As mentioned above, DPHCC, especially the type of CK19 positive expression, has higher invasiveness, risk of metastasis and recurrence. Therefore, if the diagnosis of DPHCC can be predicted according to preoperative examination, it may provide important basis for clinical individualized treatment. However, at present, the diagnosis of DPHCC mainly depends on the pathological and immunohistochemical results after surgery27. Compared with the clinical features of typical HCC, there is no evidence that there are significant differences in nationality and sex, obesity, cirrhosis, HBV or HCV infection history among DPHCC, but there are significant differences in tumor size, AFP and CA199 expression reported in the previous study26,33. This study also observed a similar result, which among the 97 HCC cases with BCLC stage A included in this study, the age, tumor size and AFP expression of patients were significantly correlated with the expression of CK19. In addition, enhanced CT is an important tool for the clinical diagnosis of HCC. Study by Chung et al. showed that the frequency, recurrence rate and mortality of CK19 expression in HCC with poor blood supply on enhanced CT sequence images were significantly higher than those of HCC with rich blood supply32. However, this study only observed a significant difference between the TLR value and CK19 expression in the portal vein phase, while no significant difference was found in the overall enhancement characteristics of the three phases and the RFS of HCC.
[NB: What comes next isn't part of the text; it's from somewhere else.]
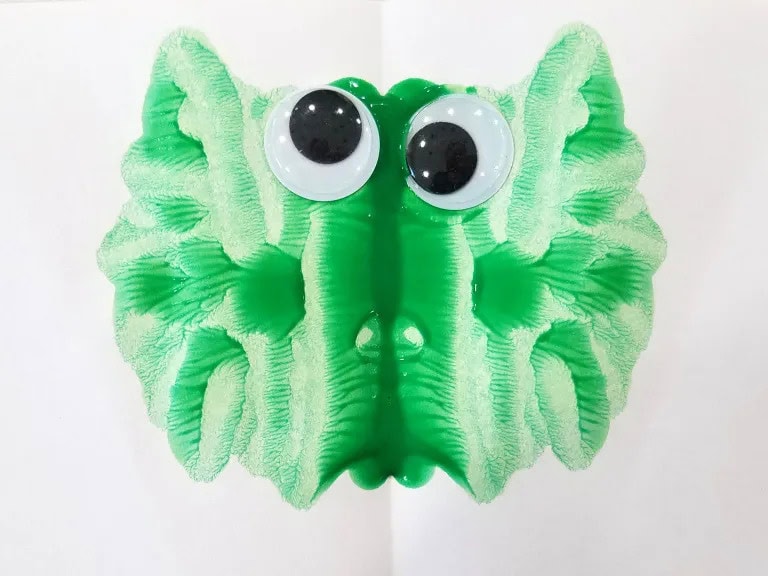 Ready for a cute but really simple monster craft? Simply fold a sheet of paper in half. Have the kids add a little paint, then smush the paper together. When they open it, they will never make the same monster twice. Let the paint dry before adding the googly eyes.

In addition, some limitations in this study need to be pointed out. Firstly, as a single-center study, the results should be confirmed by larger, multi-center studies. Additionally, our initial study design was primarily focused on observing RFS, hence the minimum follow-up duration was set at about 3 years and the maximum observation period at about 4 years. This duration may be insufficient for observing OS for BCLC stage A HCC. At the same time, the follow-up in this study had a certain rate of loss to follow-up, which may introduce some bias to the research results.

Conclusion

In summary, the results of this study suggest that CK19 expression may be associated with the enhancement feature of the portal vein phase CT image, and CK19 positive may suggest a worse RFS. However, replication of these findings in larger, multi-center studies is needed.